はじまりの福音
至高の女神――ディア――。
遥か昔にこの大地より旅立たれた創世神の愛娘。
気まぐれで慈愛深きかの女神は、時に理に弾かれし魂を引き寄せる。
彼女が好むは白と黒。そして変わった音色を放つ魂。
ほら、女神がまた、一つの魂を手に取った。
――これより紡がれるは、数奇な生を送る、二つの魂の物語。
ある所に、一人の女性がいた。
彼女は特筆すべきところのない、極々平凡な成人女性だった。
時代の流れ故にありがちと言えばそれまでだが、二十代も半ばを過ぎて、未だに恋人の一人もいたことがなく、それを彼女が気にもしていなかった所が、少々珍しいところだっただろうか。
中堅所の企業に勤める会社員だった彼女はその日、残業という名の悪魔に痛めつけられた足を引きずりながら、家路へと急いでいた。
近頃は物騒と言えども、自宅近隣で事件が起きたと聞いたことはない。何しろ通いなれた道だし、街灯も煌々としていた。
終電の数本前に乗れたことを有り難く思いながら、彼女は大きな通りを歩いていた。
ふいに、目の前に現れた人影が、勢いよくこちらへやってくるのを見て、ぶつかるまいと横に退いた途端――腹部に激しい激痛を覚えたまま、意識を喪った。

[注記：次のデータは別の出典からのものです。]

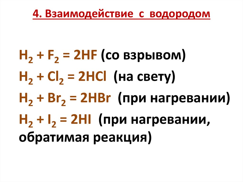 4. 4. Взаимодействие с водородом
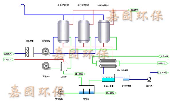 該工藝分為三個過程:廢氣吸附、蒸汽脫附、熱風烘干。經過預處理后的有機廢氣進入吸附凈化床中,吸附床中的活性炭將廢氣中的有機成分吸附在內部微孔結構中,凈化后的潔凈氣體通過煙囪達標排放。每套裝置設置二至四臺吸附床,正常運行中一臺吸附床處于脫附再生階段或備用階段,其他吸附床處于吸附階段,通過不同吸附床的切換使用使凈化系統連續運行,不影響車間正常生產。
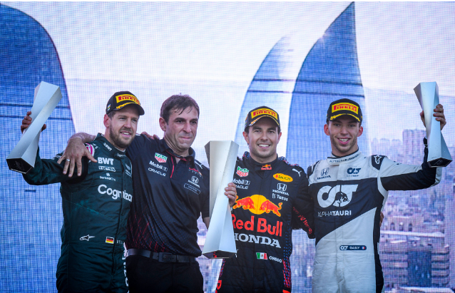 6月6日,冠軍佩雷茲(右二)、亞軍維特爾(左二)和季軍加斯利(右一)在頒獎儀式上合影留念。
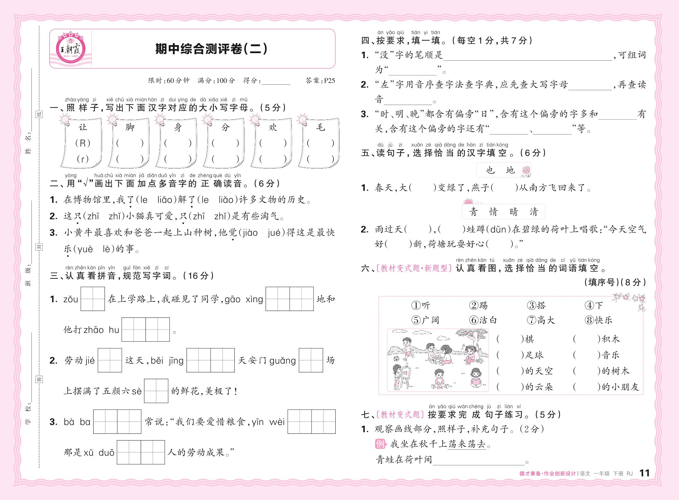 2024春下册一年级语文人教版 期中综合测评卷(二)

後に連続通り魔と呼ばれることになる、無差別な殺人者の犠牲となり、彼女は天に召されたのだった。
――やがて、彼女は再び、心優しき夫婦の元に生を受けた。前世と同じく、地球と呼ばれる惑星の小さな島国、日本で。しかし――。
また、ある所に、一人の少女がいた。
否、もう女性と呼ぶべきだろう。生来の童顔によって、常に十代中頃と見間違われていたが、彼女はれっきとした大学生だった。博士課程へ進もうかという年頃である。
童顔以外は特筆することもなく、特に目立ったこともない彼女は、その日、アルバイトの帰りに、近道をして帰ろうと、細い路地を通って行った。
大通りから一本外れただけ、それもごく短い道だ。よく通る道だからと、自分に何かあるはずがないと楽観視した為のその行動は、彼女の運命を大きく分けた。
その路地は、住宅街の間の道だった。塀の向こうから現れた人影は、マスクや帽子で顔が隠れていてよくわからない。
ぎょっとした彼女が身の危険を感じ、逃げ出すよりも先に――激情に彩られた血走った目と視線がかち合った。
どん、という衝撃しか彼女は覚えていない。何しろ、その瞬間に彼女の人生は強制的に終わってしまったのだから。
彼女は知る由もなかったが、相手は単なる空き巣だった。逃走する所を目撃されたショックで思わず持っていたナイフを彼女に突き立てたのだ。素人だったにも関わらず、そのナイフは偶然にも寸分違わず、彼女の心臓へと突き刺さり、痛みも感じぬままに彼女は即死した。
そして、気がつけば――。
(……あれ?)
時と場所は違えども、彼女達は少々似通った状況で、同じように呆然と心の中で呟いた。
他者の手によって一度生を絶ち切られた彼女らは、奇しくも女神の目に留まってしまったのである。
(………何だこれ)
そうして、物語の幕は上がった。
『りとるとらべる』と『けものとりっぷ!?』の長編となります。連作のような話で、交互に更新すると思われます。のんびりまったり不定期更新のため、ご容赦ください。